Your value is much more apparent on LinkedIn than any other social network. You let people endorse you for skills or recommend you as an employee or team member. Your work history is much more prominent. And your personal contact info is readily available.
As a result, connection requests (akin to a friend request on Facebook) become a delicate dance. Are you going to let just anyone see this information?
When it comes to LinkedIn, for me, there is really one thing you shouldn’t do and another thing you always should.
The one thing you should not do when sending connection requests
“I'd like to add you to my professional network on LinkedIn.”
Nothing is more maddening to me than receiving a generic LinkedIn connection request – especially from someone I’ve never met. Those 11 words form one vague sentence that lacks a crucial bit of information.
Why?
Why do you want to add me to your network? Do you have a new project Visionary might be able to work on?
Are you interested in learning more about the various organizations I have been involved with?
Are you a student or recent college graduate looking to connect with local professionals and learn about getting started in my particular industry?
Did you like something I posted in a LinkedIn group we are both in?
Let me know why you want to connect in your message. Otherwise, I can only assume you are looking to push your connections tally closer to that 500+ threshold.
It should be noted that LinkedIn users don’t always have the ability to customize the message they send out with connection requests. Sending requests through the iPhone app is one example.
As soon as you press the button with the user icon and the plus symbol or the big blue connect button, the request is off.
In these cases, the onus is on the person receiving the request to do a little follow up, which you should be doing anyway if you get a connection request from someone you don’t know.
Making connections on LinkedIn is a two-way street
If you get tired of random people sending you connection requests, I’ll let you in on my personal philosophy: I do not accept connection requests from people I have never met in person or communicated with in some way.
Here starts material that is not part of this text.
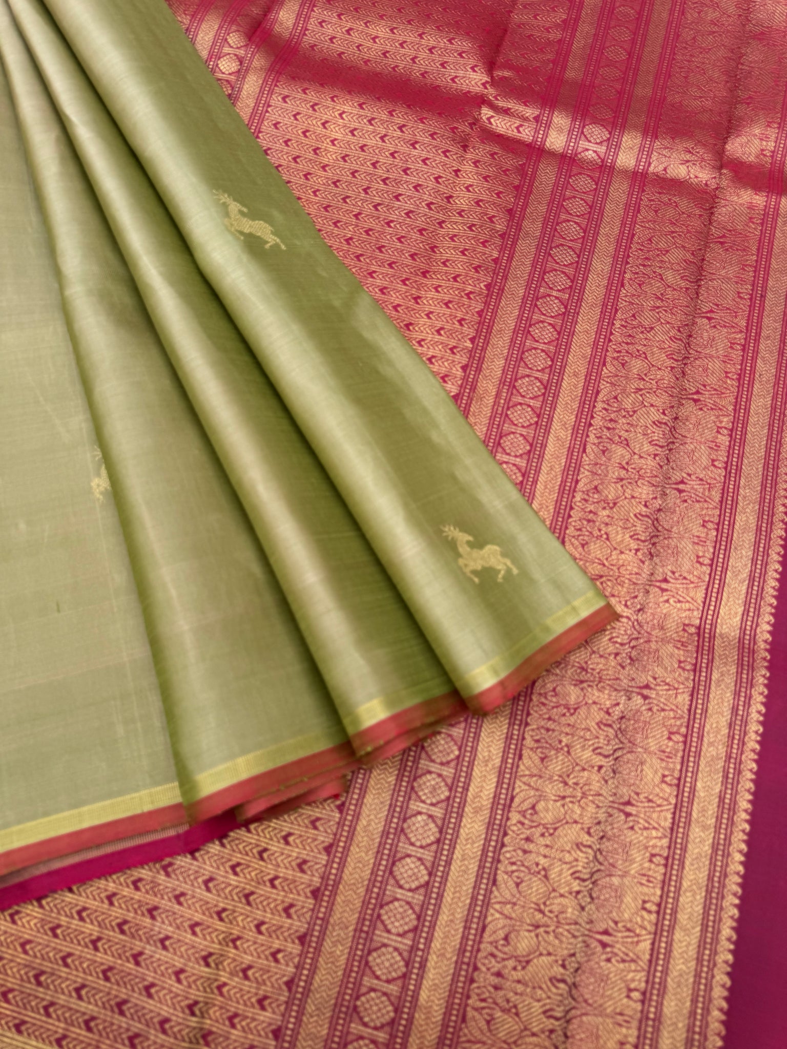 Corporate Kanchivarams - a pale elachi green and maroon borderless Kanchivaram with maan ( deer ) woven buttas
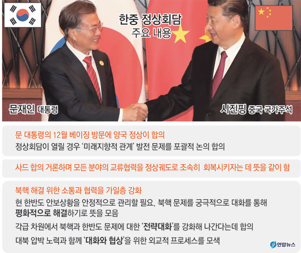 회담의 최대 결과물은 문 대통령의 12월 베이징(北京) 방문에 양국 정상이 합의한 것이다. 이는 정상 간의 교류로 본격적인 관계 개선의 물꼬를 트는 의미를 갖는 것으로 평가된다.

I have even put this in the summary section of my profile. However, I also mention that if someone new wants to meet for lunch or coffee that should be written in the request message.
Wait, didn’t you just point out that LinkedIn users don’t always have an opportunity to write custom messages when they send a connection request?
Sometimes you just have to throw your personal philosophies to the wind. When I get a generic connection request, I have a go-to follow-up message, borrowed from Mr. Brad Ferris who wrote the original version in an article titled “How to Respond to Random LinkedIn Connection Requests.”
It’s perfect because you give the person an opportunity to make that personal connection they may not have been afforded earlier on. If the person who sent the request is genuine, you’ll get a reply.
You should always follow-up when you get a connection request. Even if it’s from a colleague you worked with ages ago, ask him about his life and what he is doing now. You never know how someone might be able to help you in your career.